Visualisation — Make the Table Talk
.plot() for quick looks; seaborn makes statistical charts beautiful with one call; matplotlib is the underlying canvas you tweak (titles, labels) and save to a file.The fastest chart — straight off a DataFrame
pandas wires into matplotlib, so any Series or DataFrame can plot itself. This is your exploratory reflex — see the shape before you polish anything.
import pandas as pd
import matplotlib.pyplot as plt
df = pd.DataFrame({
"month": ["Jan","Feb","Mar","Apr","May"],
"revenue": [1200, 1800, 1500, 2100, 2400],
})
df.plot(x="month", y="revenue", kind="line", marker="o")
plt.show()
Swap kind= for the question you're asking: "line" for trend over time, "bar" for comparing categories, "hist" for a distribution, "scatter" for relationship between two numbers. In a notebook the chart renders inline; in a script, plt.show() pops a window.
🐘 PHP: To chart in PHP you'd ship data to a JS library like Chart.js in the browser — like the live timer you wired into the dashboard. Here the chart is generated server-side in a few lines and saved as a PNG you can drop into a report or email. No front end required.
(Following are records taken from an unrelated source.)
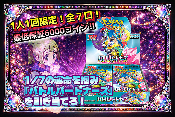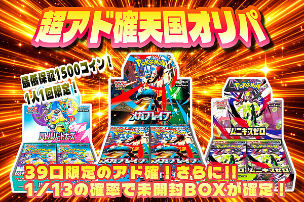 全てポケモンポケモン(BOX)ドラゴンボールワンピースホビーコラボその他 2026-02-15 23:59:59まで ラインナップ(一部)詳細11111111 無料/1回 1回ガチャ 2026-02-15 23:59:59まで ラインナップ(一部)詳細111111133333333 100/1回 1回ガチャ ラインナップ(一部)詳細223333 4000/1回 残1498 / 1500 1回ガチャ 10連ガチャ 100連ガチャ ラインナップ(一部)詳細525 600/1回 残3762 / 10000 1回ガチャ 10連ガチャ 100連ガチャ 2026-02-15 23:59:59まで ラインナップ(一部)詳細244466661212126612121212 83/1回 残39533 / 42746 1回ガチャ 10連ガチャ 100連ガチャ 2026-02-28 23:59:59まで ラインナップ(一部)詳細111111111111113355 17/1回 残73875 / 81920 1回ガチャ 10連ガチャ 100連ガチャ 2026-02-28 23:59:59まで ラインナップ(一部)詳細2222222222262755 88/1回 残15431 / 20735 1回ガチャ 10連ガチャ 100連ガチャ 2026-02-28 23:59:59まで ラインナップ(一部)詳細233113333333 80/1回 残9776 / 12760 1回ガチャ 10連ガチャ 100連ガチャ ラインナップ(一部)詳細10 194/1回 残1747 / 3190 1回ガチャ 10連ガチャ 100連ガチャ ラインナップ(一部)詳細10 7/1回 残69181 / 81920 1回ガチャ 10連ガチャ 100連ガチャ 2026-02-05 23:59:59まで 1300/1回 本ガチャは終了しました 2026-01-27 23:59:59まで 6500/1回 本ガチャは終了しました 2026-02-01 23:59:59まで 5400/1回 本ガチャは終了しました 2026-02-01 23:59:59まで 33/1回 本ガチャは終了しました 2026-01-26 23:59:59まで 777/1回 本ガチャは終了しました 2026-01-31 23:59:59まで 無料/1回 本ガチャは終了しました 2026-01-17 23:59:59まで 3000/1回 本ガチャは終了しました 700/1回 本ガチャは終了しました 1000/1回 本ガチャは終了しました 2026-02-01 23:59:59まで 52/1回 本ガチャは終了しました 2026-01-25 23:59:59まで 131/1回 本ガチャは終了しました 2026-02-01 23:59:59まで 119/1回 本ガチャは終了しました 5400/1回 本ガチャは終了しました 2026-01-25 23:59:59まで 110/1回 本ガチャは終了しました 2026-01-25 23:59:59まで 46/1回 本ガチャは終了しました 2026-01-05 23:59:59まで 65/1回 本ガチャは終了しました 2026-01-05 23:59:59まで 無料/1回 本ガチャは終了しました 2026-01-05 23:59:59まで 無料/1回 本ガチャは終了しました 2026-01-05 23:59:59まで 38/1回 本ガチャは終了しました 2025-12-31 23:59:59まで 76/1回 本ガチャは終了しました
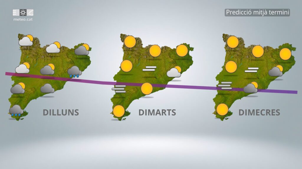 El dilluns 29 estarà condicionat per un cel majoritàriament ennuvolat, amb possibilitat de plugims febles i puntuals, sobretot durant les primeres hores del dia. Les temperatures es mantindran contingudes, amb màximes al voltant dels 14 o 15 graus i mínimes que no baixaran dels 6 o 8 graus, valors suaus per a l’època de l’any.
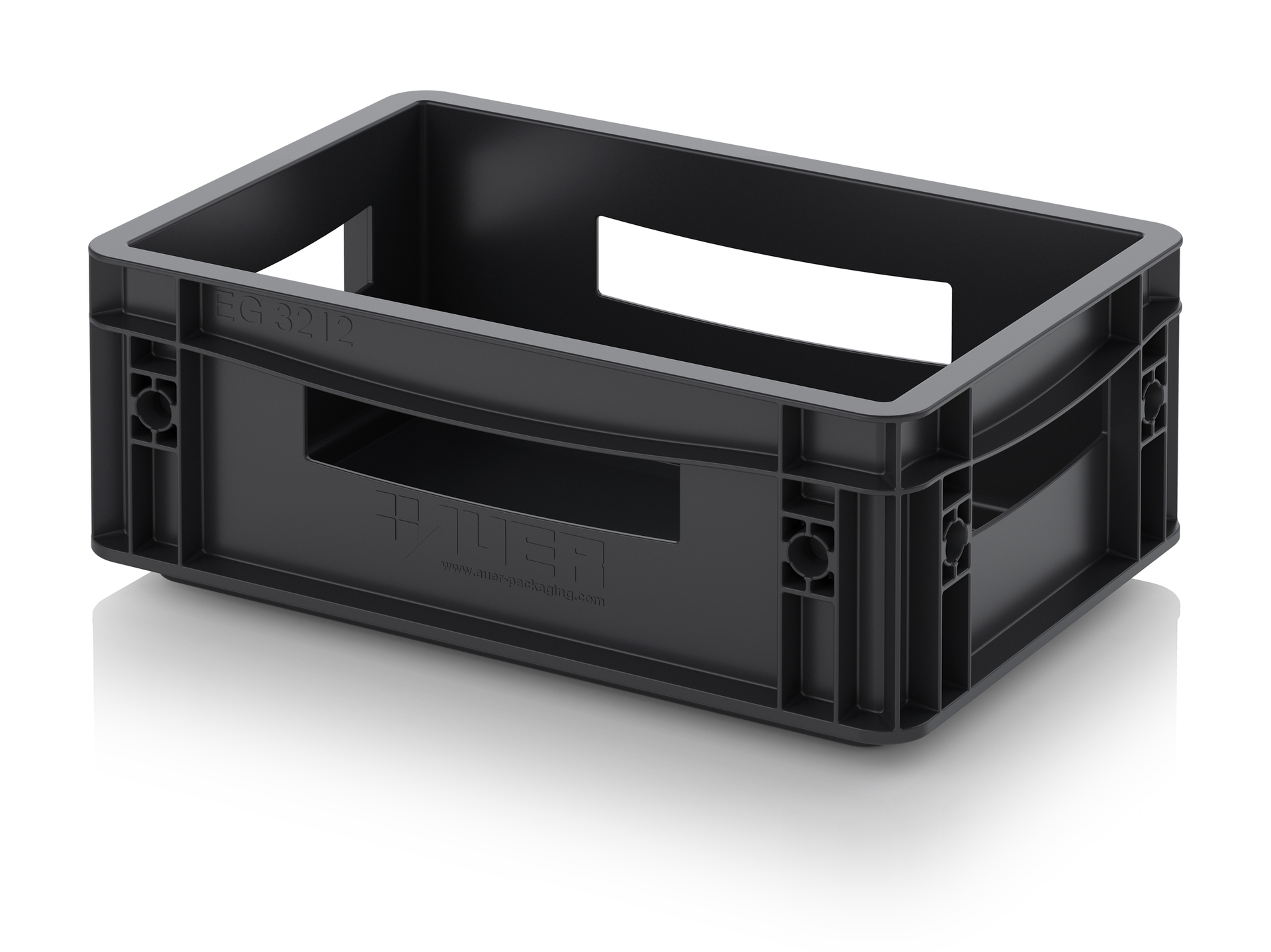 Евроконтейнер с ESD-защитой производства компании AUER Packaging изготавливается из антистатической пластмассы, что делает его пригодным, в частности, для надежного хранения и транспортировки электронной продукции.
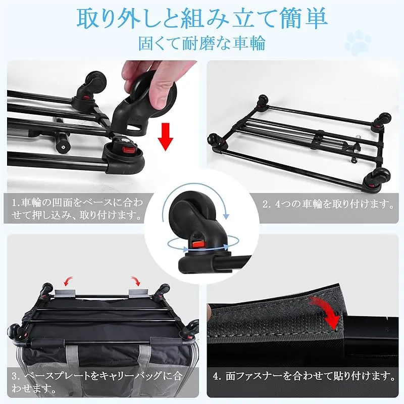 【使いやすさ】ローラー付き設計で大型猫を運ぶ際の肩や手の負担を軽減。使用後は折り畳み可能です。手提げ/トローリー式移動/車載のいずれにも対応し、簡単に組み立てられるため、外出先での利用に最適です。
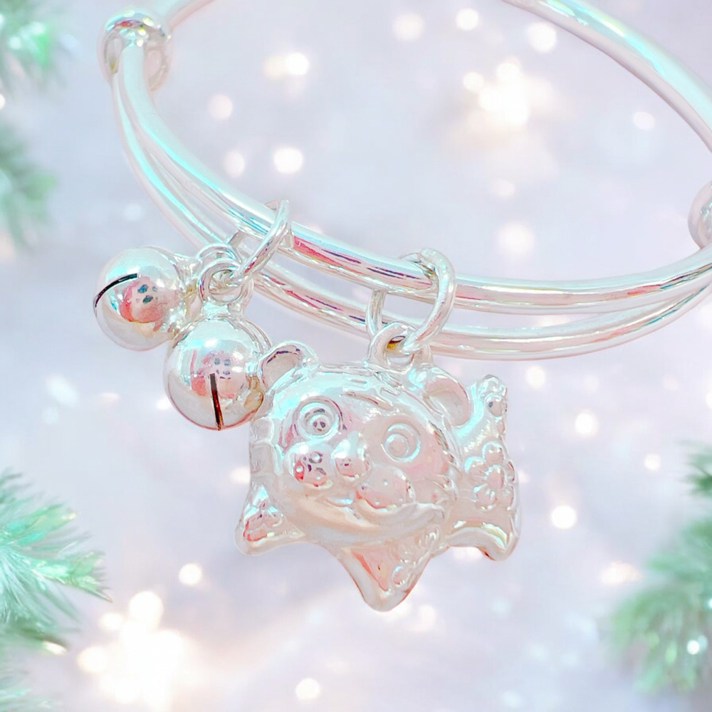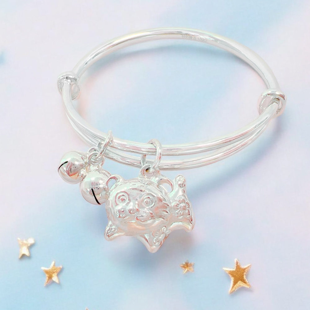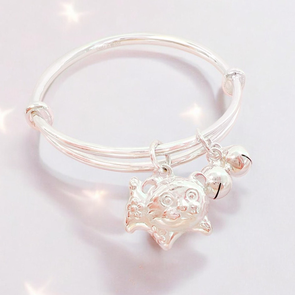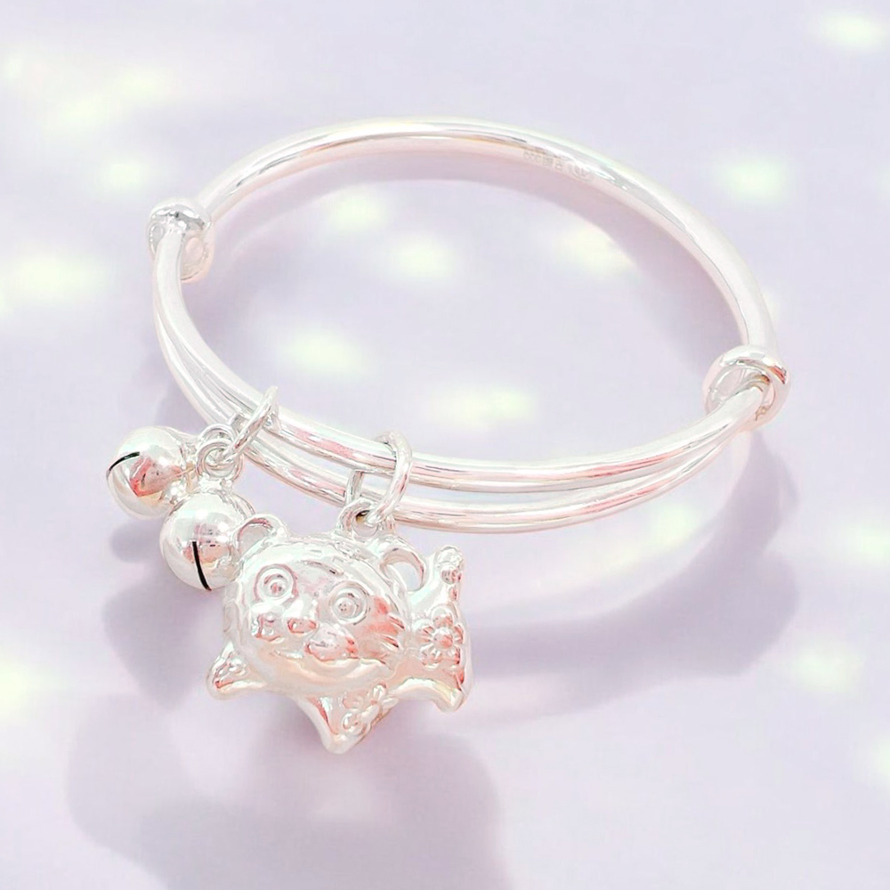 【珠兒綠】999純銀 生肖虎撒嬌虎兒童搖鈴手鐲 開 純銀手鐲 純銀手鍊 彌月禮物 兒童禮物(附高級禮盒禮袋)

Common business charts, paired to their question
# Trend: how did revenue move over time?
df.plot(x="month", y="revenue", kind="line", marker="o")
# Comparison: which region sold most? (group first, then plot)
by_region = sales.groupby("region")["revenue"].sum()
by_region.sort_values().plot(kind="barh") # horizontal bars read easily
# Distribution: what does order size look like?
sales["revenue"].plot(kind="hist", bins=20)
# Composition: share of total (use sparingly — bars usually beat pies)
by_region.plot(kind="pie", autopct="%1.0f%%")
The pattern to notice: aggregate first, then plot the result. A chart is usually the picture of a groupby, so your Chapter 7 skills feed directly in here.
seaborn — statistical charts that look good by default
seaborn sits on top of matplotlib and is built for exactly this kind of data — it takes a DataFrame and column names, and handles the styling for you.
import seaborn as sns
sns.barplot(data=sales, x="region", y="revenue", estimator="sum")
sns.histplot(data=sales, x="revenue", bins=20)
sns.scatterplot(data=sales, x="spend", y="revenue", hue="region")
sns.boxplot(data=sales, x="region", y="revenue") # spread + outliers per group
The hue= argument is the standout — colour the points by a third column and a flat scatter becomes a multi-group comparison for free. The boxplot is underrated for analytics: it shows median, spread, and outliers per category in one glance, which is often more honest than a bar of averages.
Polish — the parts that make it shareable
An untitled chart with axis labels like "0" is a draft. A few matplotlib calls turn it into something you'd put in front of leadership — and crucially, save to a file.
ax = by_region.sort_values().plot(kind="barh", color="steelblue")
ax.set_title("Q1 Revenue by Region")
ax.set_xlabel("Revenue ($)")
ax.set_ylabel("")
plt.tight_layout()
plt.savefig("revenue_by_region.png", dpi=150) # the deliverable
plt.show()
Always title the chart, label the axes in human terms, and savefig() at dpi=150 so it's crisp in a slide deck. tight_layout() stops labels getting clipped. That PNG is frequently the actual product of an analysis.
A One-Page Visual Summary
Goal: go from a dataset to three polished, saved charts that together tell a story — a realistic analytics deliverable.
- Make some data with a relationship worth seeing:
import pandas as pd, seaborn as sns, matplotlib.pyplot as plt df = pd.DataFrame({ "region": ["N","S","E","N","S","E","N","S"], "spend": [200, 150, 400, 250, 180, 420, 300, 160], "revenue":[1200, 800, 2100, 1500, 900, 2300, 1700, 850], }) - Comparison — revenue by region:
sns.barplot(data=df, x="region", y="revenue", estimator="sum"), title it,savefig("c1.png") - Relationship — does spend drive revenue?
sns.scatterplot(data=df, x="spend", y="revenue", hue="region"), save asc2.png - Distribution — spread of revenue:
sns.boxplot(data=df, x="region", y="revenue"), save asc3.png - Open the three PNGs — that's a visual narrative: who's biggest, what drives sales, how consistent each region is
Comparison, relationship, distribution — three lenses on the same data. Picking the right chart for the question is the real craft, and you just practised all three.
sns.regplot(data=df, x="spend", y="revenue") fits and draws a regression line through the points. You're now visualising a prediction — a natural bridge into the final chapter, where you'll fit that line as a real model and use it to forecast.